Problem statement:
Exact transcription begins at the first line of the material below and ends with the line holding "Fig. 14 Molecular"; pictures are skipped.

── Dataset extract

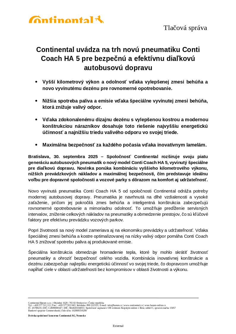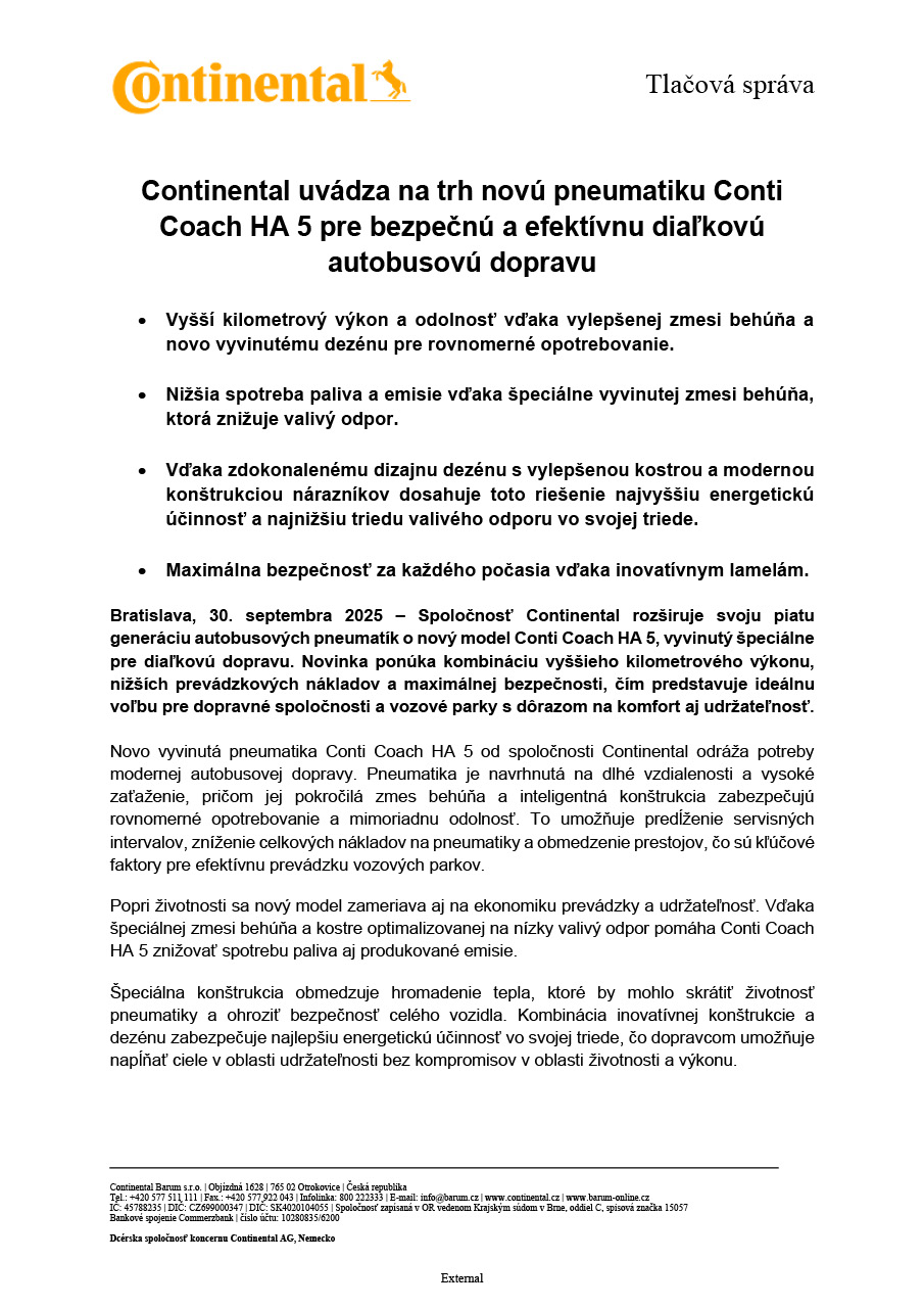 Bratislava, 30. septembra 2025 – Spoločnosť Continental rozširuje svoju piatu generáciu autobusových pneumatík o nový model Conti Coach HA 5, vyvinutý špeciálne pre diaľkovú dopravu. Novinka ponúka kombináciu vyššieho kilometrového výkonu, nižších prevádzkových nákladov a maximálnej bezpečnosti, čím predstavuje ideálnu voľbu pre dopravné spoločnosti a vozové parky s dôrazom na komfort aj udržateľnosť.
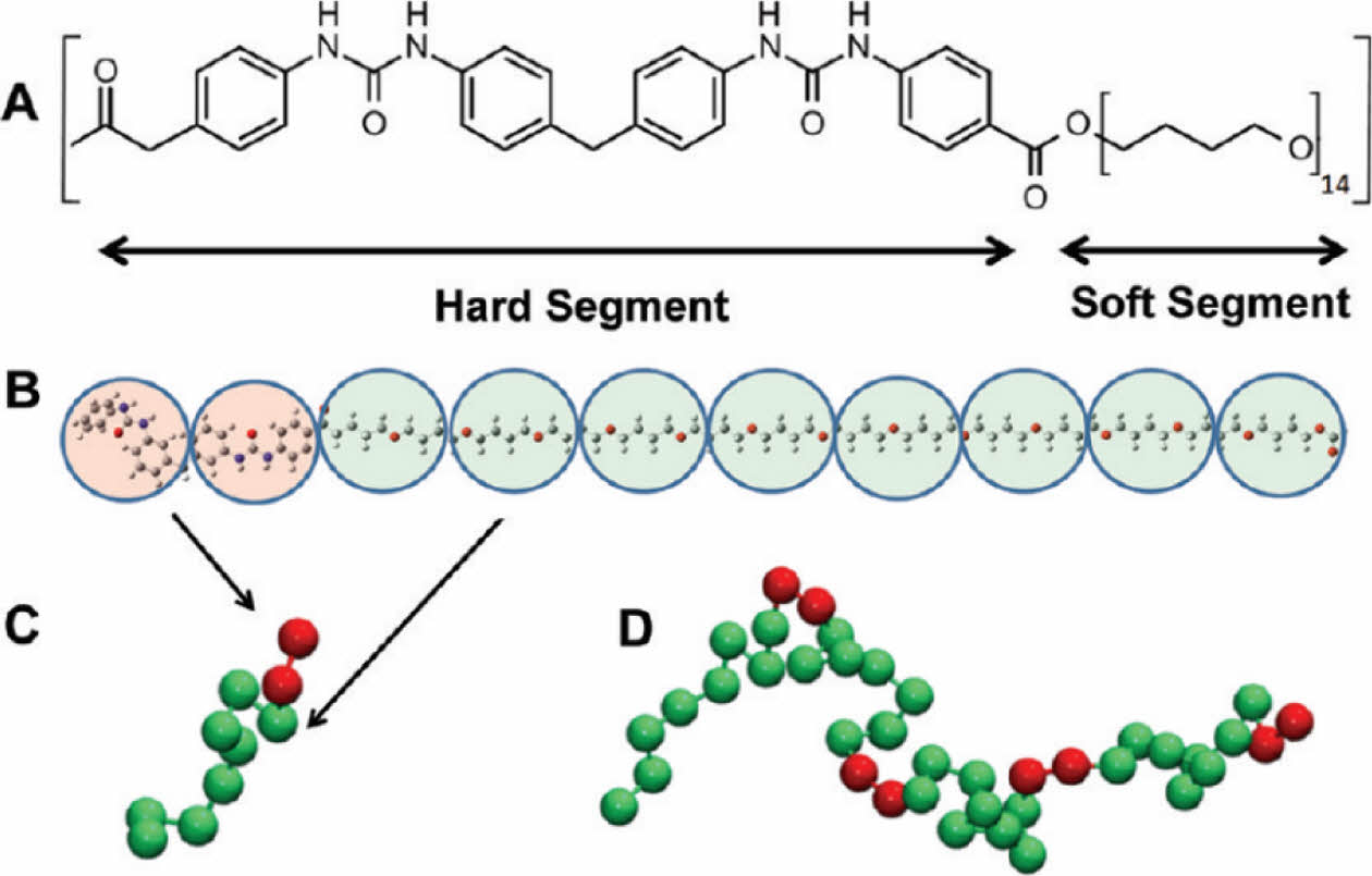 Fig. 14 Molecular structure of polyurea consisting of hard and soft segments. Green sphere indicates the soft segment, red one represents the hard segment, where each forms nano-phase clusters |
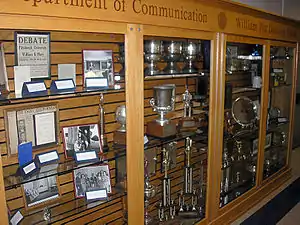 The WPDU has participated in, and traveled extensively to intercollegiate debate competitions since its early history.[8] A regular participant regional and national competitions, the WPDU has previously won the Pennsylvania State Debating Championship,[9] qualified for the National Debate Tournament forty-five times,[3][4] and captured the 1981 National Debate Tournament national championship.[6] In addition, at the 1947 Grand National Forensic Tournament,[10] a two-man affirmative debate team won the national championship competing against 89 other teams, while Pitt's negative team finished as runners-up.[2] The WPDU has also finished first in the American Debate Association’s varsity rankings and its debaters have won hundreds of individual speaking awards.[11] In the past the WPDU hosted major intercollegiate debating competitions,[12][13] and through the years, the team has appeared on television,[14] including once hosting its own weekly television show in the 1950s,[15] and its success has enjoyed coverage in local and regional media.[16][17][18]
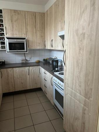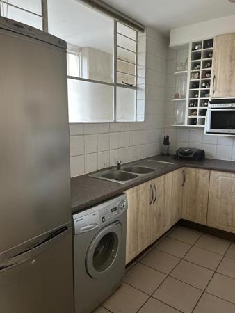The kitchen in this apartment boasts a sleek and modern design with light wood cabinetry offering storage space for all your essentials. The dark countertops complement the light wood, creating a stylish contrast. There''s also a built-in oven and stove, with a space for washing machine and fridge along with extra shelving, offer added convenience. making it functional and convenient for daily use.
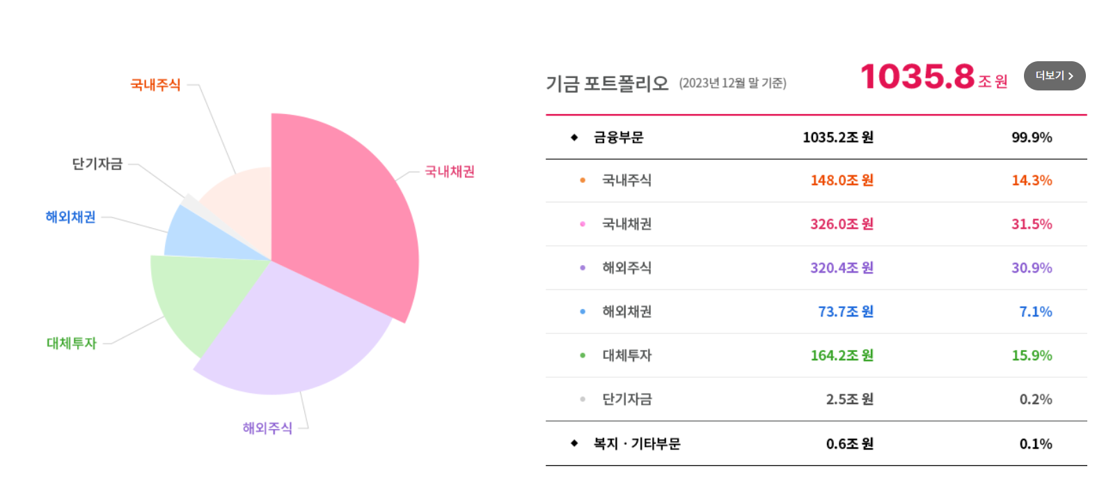 2023年国民年金基金決算結果、基金純資産は1,035兆8千億ウォン('23年末)であり、2022年対比約145兆ウォン増加した。
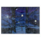 A winter night, looking over a gate flanked by two trees down into a snow-covered glen between rocky hills, filled with little farms and hedgerows and stone walls. A warm glow shines from many windows, Christmas lights sparkle on trees and fences, and a Christmas star beams from the roof of a manor house, all under the rays of a full moon.
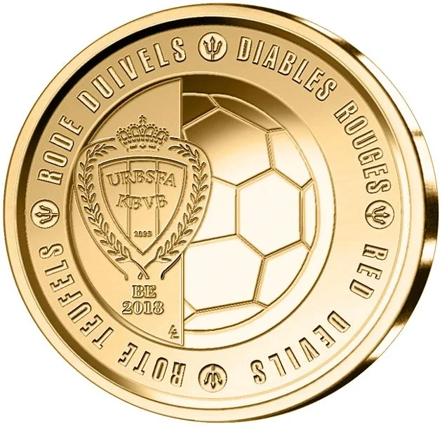 Belgian Football Union sigil on a ball, surrounded by national team names in four languages, separated by trident symbols.
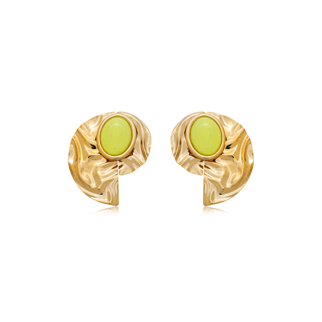 Brinco orgânico liso com detalhe esmaltado amarelo
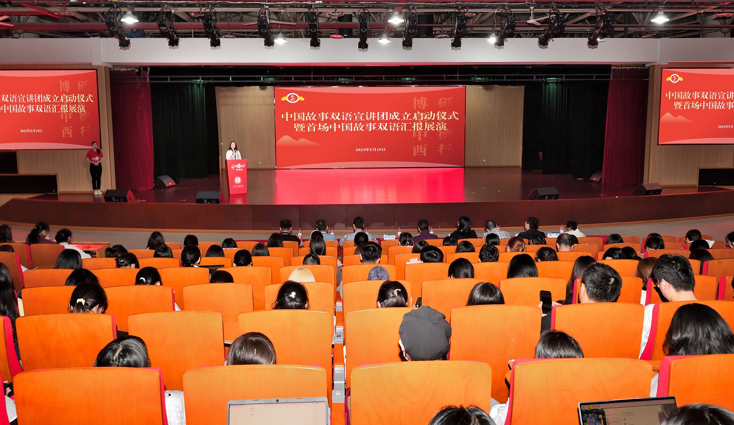 5月19日下午,外国语学院中国故事双语宣讲团成立启动仪式暨首场中国故事双语汇报展演在bat365正版唯一官网圆顶报告厅举行。bat365正版唯一官网党委常委、党委组织部部长李荣华,党委宣传部、外国语学院相关领导和师生代表,中国故事双语宣讲团指导教师代表及全体成员到场参加。

────

Answer to this task:
 Bratislava, 30. septembra 2025 – Spoločnosť Continental rozširuje svoju piatu generáciu autobusových pneumatík o nový model Conti Coach HA 5, vyvinutý špeciálne pre diaľkovú dopravu. Novinka ponúka kombináciu vyššieho kilometrového výkonu, nižších prevádzkových nákladov a maximálnej bezpečnosti, čím predstavuje ideálnu voľbu pre dopravné spoločnosti a vozové parky s dôrazom na komfort aj udržateľnosť.
 Fig. 14 Molecular structure of polyurea consisting of hard and soft segments. Green sphere indicates the soft segment, red one represents the hard segment, where each forms nano-phase clusters |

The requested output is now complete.